The advantage is that xargs
will synchronize properly with no extra work. Which means that you are safe to access the downloaded files (assuming no error occurs). All downloads will have completed (or failed) once xargs
exits, and you know by the exit code whether all went well. This is much preferrable to busy waiting with sleep
and testing for completion manually.
假设 URL_LIST
是一个包含所有 URL 的变量(可以在 OP 示例中使用循环构建,但也可以是手动生成的列表),运行:
Assuming that URL_LIST
is a variable containing all the URLs (can be constructed with a loop in the OP's example, but could also be a manually generated list), running this:
echo $URL_LIST | xargs -n 1 -P 8 wget -q
将一次传递一个参数(-n 1
)给wget
,并且一次最多执行8个并行的wget
进程(-P 8
).xarg
在最后一个生成的进程完成后返回,这正是我们想知道的.不需要额外的诡计.
will pass one argument at a time (-n 1
) to wget
, and execute at most 8 parallel wget
processes at a time (-P 8
). xarg
returns after the last spawned process has finished, which is just what we wanted to know.
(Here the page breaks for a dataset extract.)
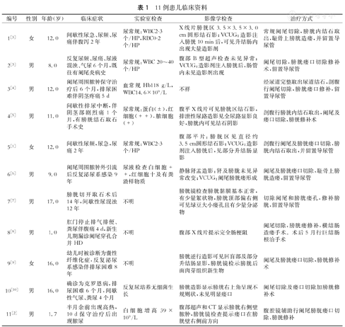 查阅1985年2月至2014年5月间发表的关于儿童阑尾膀胱瘘的文献,具体检索华中科技大学同济医学院图书馆网页PUBMED、MEDLINE、BIOSIS Previews、EMBASE及The Cochrane Library等数据库,检索词为"Children/Pediatric appendicovesical fistula";检索华中科技大学同济医学院图书馆网页中文期刊全文数据库(CNKI)、中国生物医学期刊文献数据库(CMCC)和万方医学等数据库,检索词为"儿童/小儿阑尾膀胱瘘"。共获取11例患儿纳入本研究,其中男8例,女3例,平均年龄10.5(1.0~17.0)岁,现将11例患儿临床资料、实验室检测、影像学检查、治疗情况等情况归纳入表1。

No extra trickery needed.
我选择的 8 个并行下载的神奇数字"并非一成不变,但这可能是一个很好的折衷方案.最大化"一系列下载有两个因素:
The "magic number" of 8 parallel downloads that I've chosen is not set in stone, but it is probably a good compromise. There are two factors in "maximising" a series of downloads:
一个是填充电缆",即利用可用带宽.假设正常"条件(服务器的带宽比客户端的带宽多),一次或最多两次下载就已经是这种情况.在这个问题上抛出更多连接只会导致数据包被丢弃和 TCP 拥塞控制启动,以及 N 次下载,每个下载具有渐近 1/N 带宽,达到相同的净效果(减去丢弃的数据包,减去窗口大小恢复).数据包被丢弃在 IP 网络中是很正常的事情,这就是拥塞控制应该如何工作(即使只有一个连接),通常影响几乎为零.然而,不合理的大量连接会放大这种效果,因此它会变得很明显.无论如何,它不会使任何事情变得更快.
One is filling "the cable", i.e. utilizing the available bandwidth. Assuming "normal" conditions (server has more bandwidth than client), this is already the case with one or at most two downloads. Throwing more connections at the problem will only result in packets being dropped and TCP congestion control kicking in, and N downloads with asymptotically 1/N bandwidth each, to the same net effect (minus the dropped packets, minus window size recovery). Packets being dropped is a normal thing to happen in an IP network, this is how congestion control is supposed to work (even with a single connection), and normally the impact is practically zero. However, having an unreasonably large number of connections amplifies this effect, so it can be come noticeable. In any case, it doesn't make anything faster.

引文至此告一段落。